EXERCISE PROMPT: The following data is to be repeated exactly, its pictures excluded.

RAW DATA:

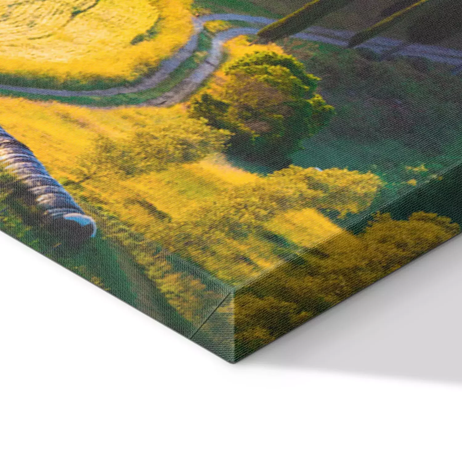 Das Motiv wird auf eine qualitativ hochwertige Leinwand gedruckt, die auf einen Blendrahmen gezogen wird. Da der Aufdruck die Seitenkanten bedeckt, muss das Bild nicht zusätzlich eingerahmt werden. Wir empfehlen außerdem Kompositionen aus mehreren Bildern, die ein harmonisches Ganzes bilden.
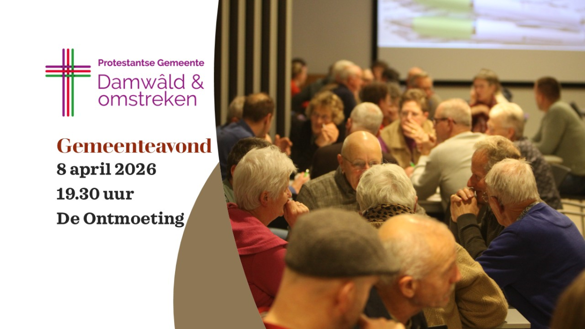 Op woensdag 8 april 2026 organiseren we als Protestantse Gemeente Damwâld en omstreken een gemeenteavond die je niet wilt missen! Het belooft een boeiende, attractieve bijeenkomst te worden, waarin we samen nadenken en werken aan thema’s die onze gemeente verder helpen en waarmee we in de komende tijd inhoud en uitstraling willen geven aan hoe we kerk willen zijn in Damwâld en omgeving.
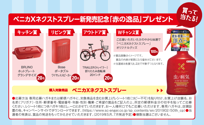 本キャンペーンは、答えて当たる!オープン型キャンペーン「50周年ありがとう」プレゼントと、対象商品を買って当たる!クローズド型キャンペーン ベニカXネクストスプレー新発売記念「赤の逸品」プレゼントの2つのコースを同時に実施いたします。
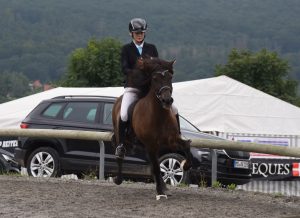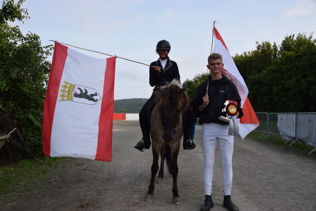 Martha Hasler hatte erst etwas Pech, weil sich ihr zweites Pferd kurz vor Abfahrt Richtung Hessen noch verletzte. Also alle Konzentration auf die Prüfungen mit Jóni und zeigen, dass Berlin-Brandenburg nicht nur auf der Passstrecke schnell kann, sondern auch im Gelände: Nach einem mutigen und gleichzeitig umsichtigen Ritt sind sie die neuen Deutschen Jugendvizemeister im Geländeritt. Und das zwischen zwei Reiterinnen aus Baden-Württemberg, die das entsprechende Trainingsgelände vor der Haustür haben. Steigungen wie im Ellenbacher Wald gibt es in Brandenburg halt nicht, aber Flachland-Tiroler Joni hat sich davon nicht beeindrucken lassen! Außerdem wagten sie sich in ihr erstes Passrennen und hatten immerhin einen gültigen Lauf.

SOLUTION TO THE EXERCISE:
 Das Motiv wird auf eine qualitativ hochwertige Leinwand gedruckt, die auf einen Blendrahmen gezogen wird. Da der Aufdruck die Seitenkanten bedeckt, muss das Bild nicht zusätzlich eingerahmt werden. Wir empfehlen außerdem Kompositionen aus mehreren Bildern, die ein harmonisches Ganzes bilden.
 Op woensdag 8 april 2026 organiseren we als Protestantse Gemeente Damwâld en omstreken een gemeenteavond die je niet wilt missen! Het belooft een boeiende, attractieve bijeenkomst te worden, waarin we samen nadenken en werken aan thema’s die onze gemeente verder helpen en waarmee we in de komende tijd inhoud en uitstraling willen geven aan hoe we kerk willen zijn in Damwâld en omgeving.
 本キャンペーンは、答えて当たる!オープン型キャンペーン「50周年ありがとう」プレゼントと、対象商品を買って当たる!クローズド型キャンペーン ベニカXネクストスプレー新発売記念「赤の逸品」プレゼントの2つのコースを同時に実施いたします。
 Martha Hasler hatte erst etwas Pech, weil sich ihr zweites Pferd kurz vor Abfahrt Richtung Hessen noch verletzte. Also alle Konzentration auf die Prüfungen mit Jóni und zeigen, dass Berlin-Brandenburg nicht nur auf der Passstrecke schnell kann, sondern auch im Gelände: Nach einem mutigen und gleichzeitig umsichtigen Ritt sind sie die neuen Deutschen Jugendvizemeister im Geländeritt. Und das zwischen zwei Reiterinnen aus Baden-Württemberg, die das entsprechende Trainingsgelände vor der Haustür haben. Steigungen wie im Ellenbacher Wald gibt es in Brandenburg halt nicht, aber Flachland-Tiroler Joni hat sich davon nicht beeindrucken lassen! Außerdem wagten sie sich in ihr erstes Passrennen und hatten immerhin einen gültigen Lauf.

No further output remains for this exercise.